Юнгеров почти никогда не видел его выпившим и сейчас смотрел на него, чуть захмелевшего и подпевавшего грянувшему из динамиков «Варягу», с умилением: «Друг ты мой дорогой, сколько ж ты натерпелся от меня! Я сейчас расскажу друзьям про золото… Не про то, что в слитках в федеральном хранилище, а про неровного, шершавого самородка, про тебя, дорогой ты мой…»
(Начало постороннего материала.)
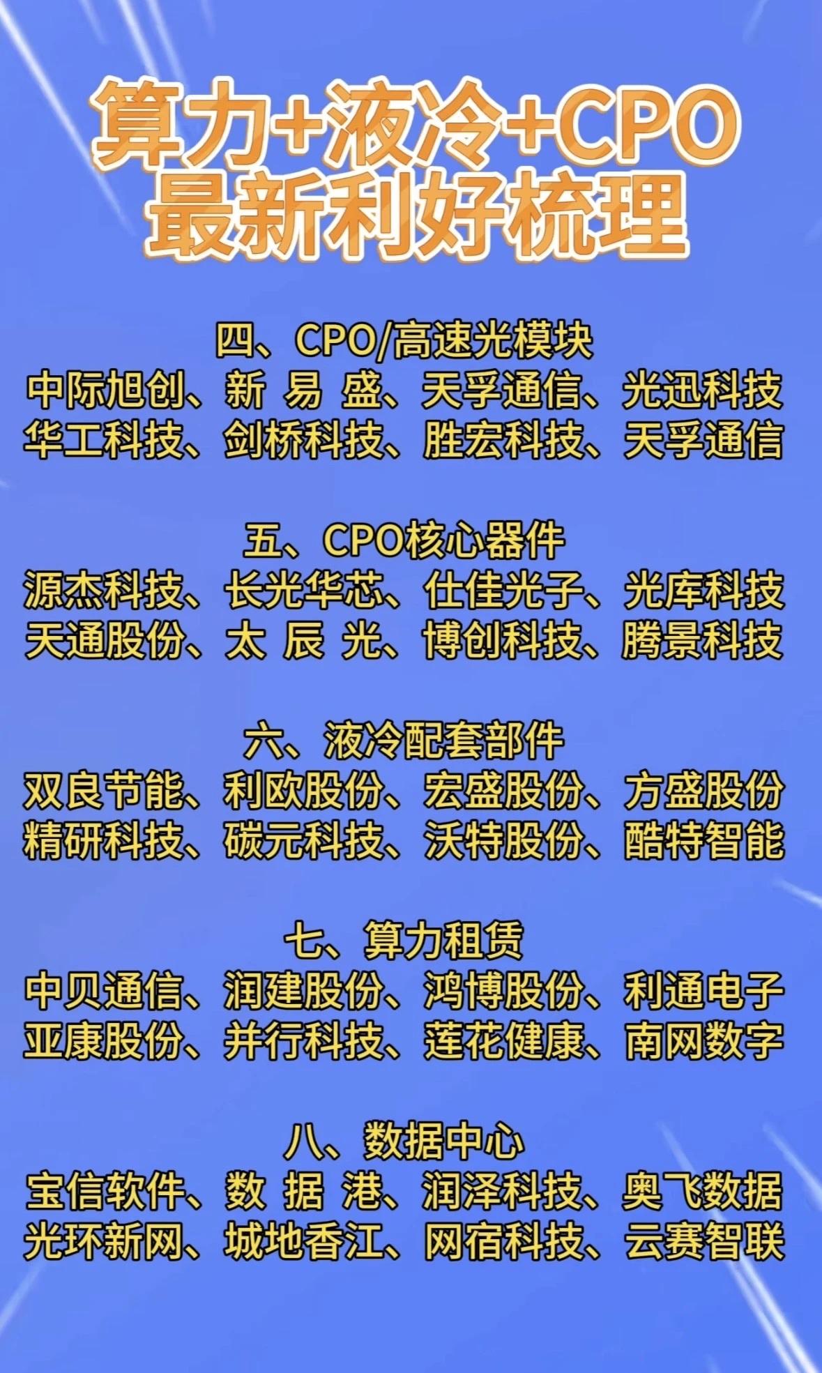 围绕“算力+液冷+CPO”主题,梳理最新利好:智谱GLM-5适配国产芯片、阿里千问APP流量爆崩、工信部算力互联互通节点建设加速、英伟达液冷供应商订单暴增252%等因素,推动三大赛道迎政策+需求+业绩三重催化,核心爆发点为算力硬件、液冷散热、高速互联。 并分板块列出相关企业: 1. 算力芯片:海光信息、寒武纪等; 2. 液冷服务器整机:浪潮信息、中科曙光等; 3. 液冷温控系统:英维克、高澜股份等; 4. CPO/高速光模块:中际旭创、新易盛等; 5. CPO核心器件:源杰科技、长光华芯等; 6. 液冷配套部件:双良节能、利欧股份等; 7. 算力租赁:中贝通信、润建股份等; 8. 数据中心:宝信软件、数据港等。
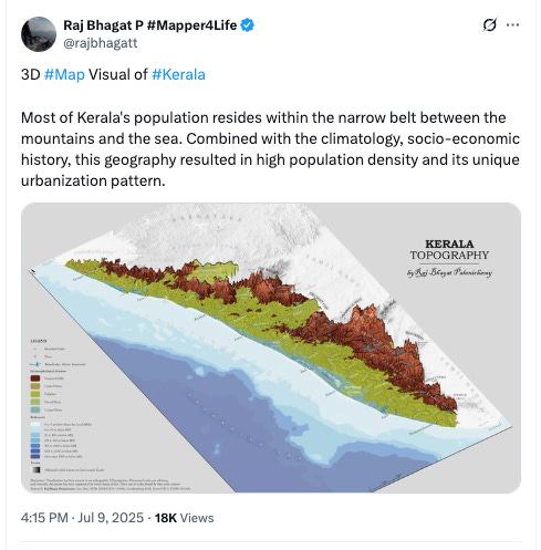 Beautiful 3D relief map of Kerala. Check out the Palakkad gap.

Александр Сергеевич вдруг улыбнулся, вспомнив про то, как Денис сел. У него и посадка вышла странной: за несколько дней до того, как замели самого Юнкерса с ближним кругом, машину Волкова зацепили своей разбитой «девяткой» два каких-то полублатных черта. Остановились. Блатари решили завиноватить франта в белой рубашке и вынули ножи. Денис вынул ножку от стола, которую всегда возил с собой. Взмахнул он ею всего два раза, потом долго вздыхал, глядя на трупы, потом вызвал милицию. Так что в «Крестах» он оказался чуть раньше всей остальной «грядки» и как бы отдельно от «коллектива» Юнгерова. В том смысле, что его не привязывали к банде (видимо, из-за неразберихи и несостыкованности в картотеках различных служб), а просто вломили «превышение необходимой обороны». В «Крестах» он провел полтора года и на свободе оказался раньше всех, так как суд, признав его виновным, постановил «ограничиться отсиженным». Денис потом смеялся: «Правду, значит, говорят, что раньше сядешь – раньше выйдешь».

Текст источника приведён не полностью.